→ **Task description**: Type the records that follow again exactly as written, but drop the pictures.
Given data section start
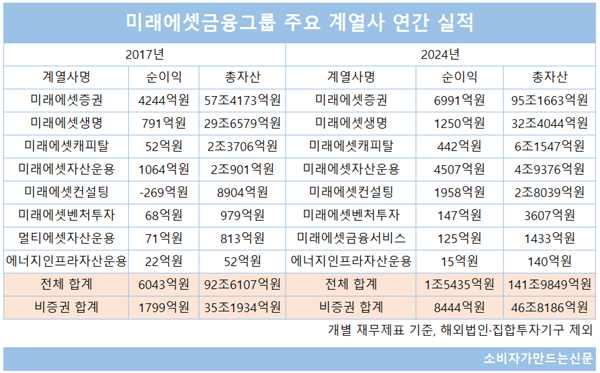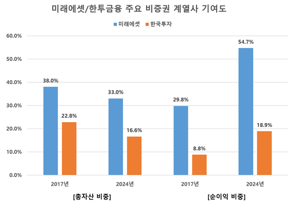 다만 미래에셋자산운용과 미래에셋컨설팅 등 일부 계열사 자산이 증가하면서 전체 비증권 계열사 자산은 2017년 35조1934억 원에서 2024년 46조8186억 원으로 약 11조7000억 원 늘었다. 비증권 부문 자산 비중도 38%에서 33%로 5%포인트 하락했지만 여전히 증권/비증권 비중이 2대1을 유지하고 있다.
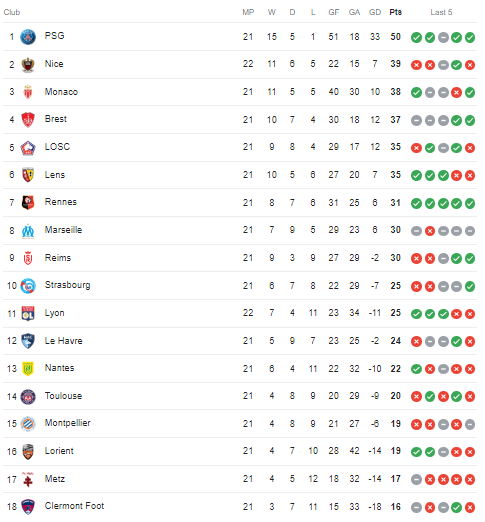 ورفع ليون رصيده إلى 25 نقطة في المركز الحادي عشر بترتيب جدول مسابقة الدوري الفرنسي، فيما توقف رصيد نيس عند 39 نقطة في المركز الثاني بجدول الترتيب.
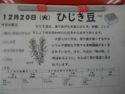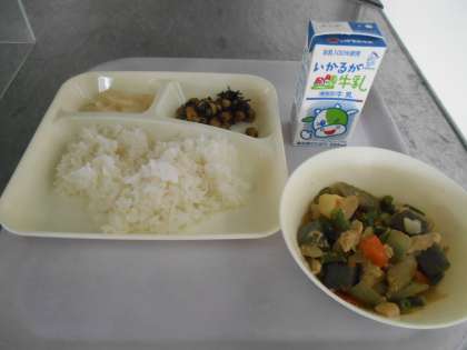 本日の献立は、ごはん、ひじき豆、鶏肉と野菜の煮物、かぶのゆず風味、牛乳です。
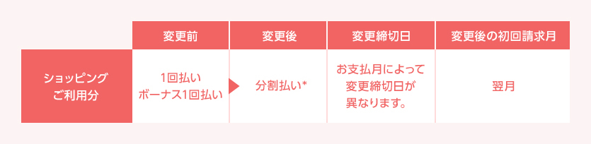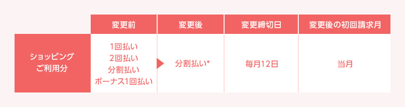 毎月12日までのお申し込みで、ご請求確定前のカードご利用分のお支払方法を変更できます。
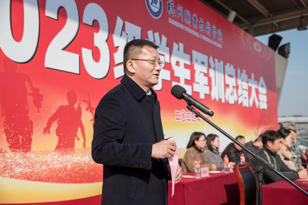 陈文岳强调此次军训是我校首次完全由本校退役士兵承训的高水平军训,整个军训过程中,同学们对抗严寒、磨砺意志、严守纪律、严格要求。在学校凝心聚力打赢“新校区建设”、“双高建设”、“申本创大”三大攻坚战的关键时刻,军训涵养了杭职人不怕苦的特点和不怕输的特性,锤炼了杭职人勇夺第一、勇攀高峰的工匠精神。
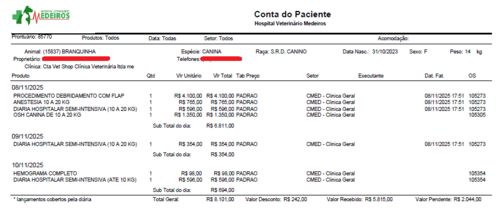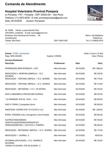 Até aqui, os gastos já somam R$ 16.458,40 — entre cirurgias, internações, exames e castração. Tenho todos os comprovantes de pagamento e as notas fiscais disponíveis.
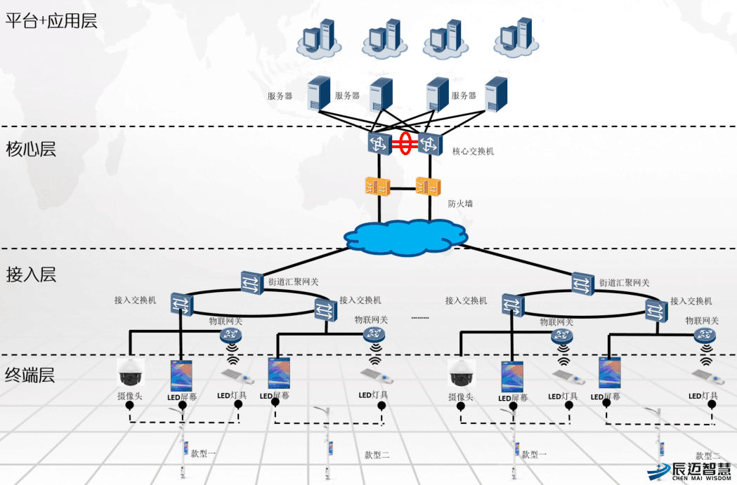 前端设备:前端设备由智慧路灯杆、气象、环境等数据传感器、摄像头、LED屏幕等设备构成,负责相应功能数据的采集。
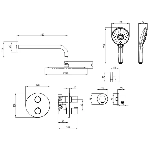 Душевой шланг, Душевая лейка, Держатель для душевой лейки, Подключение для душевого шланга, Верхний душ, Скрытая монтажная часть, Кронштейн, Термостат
Given data section end
→ **Exercise result**:
 다만 미래에셋자산운용과 미래에셋컨설팅 등 일부 계열사 자산이 증가하면서 전체 비증권 계열사 자산은 2017년 35조1934억 원에서 2024년 46조8186억 원으로 약 11조7000억 원 늘었다. 비증권 부문 자산 비중도 38%에서 33%로 5%포인트 하락했지만 여전히 증권/비증권 비중이 2대1을 유지하고 있다.
 ورفع ليون رصيده إلى 25 نقطة في المركز الحادي عشر بترتيب جدول مسابقة الدوري الفرنسي، فيما توقف رصيد نيس عند 39 نقطة في المركز الثاني بجدول الترتيب.
 本日の献立は、ごはん、ひじき豆、鶏肉と野菜の煮物、かぶのゆず風味、牛乳です。
 毎月12日までのお申し込みで、ご請求確定前のカードご利用分のお支払方法を変更できます。
 陈文岳强调此次军训是我校首次完全由本校退役士兵承训的高水平军训,整个军训过程中,同学们对抗严寒、磨砺意志、严守纪律、严格要求。在学校凝心聚力打赢“新校区建设”、“双高建设”、“申本创大”三大攻坚战的关键时刻,军训涵养了杭职人不怕苦的特点和不怕输的特性,锤炼了杭职人勇夺第一、勇攀高峰的工匠精神。
 Até aqui, os gastos já somam R$ 16.458,40 — entre cirurgias, internações, exames e castração. Tenho todos os comprovantes de pagamento e as notas fiscais disponíveis.
 前端设备:前端设备由智慧路灯杆、气象、环境等数据传感器、摄像头、LED屏幕等设备构成,负责相应功能数据的采集。
 Душевой шланг, Душевая лейка, Держатель для душевой лейки, Подключение для душевого шланга, Верхний душ, Скрытая монтажная часть, Кронштейн, Термостат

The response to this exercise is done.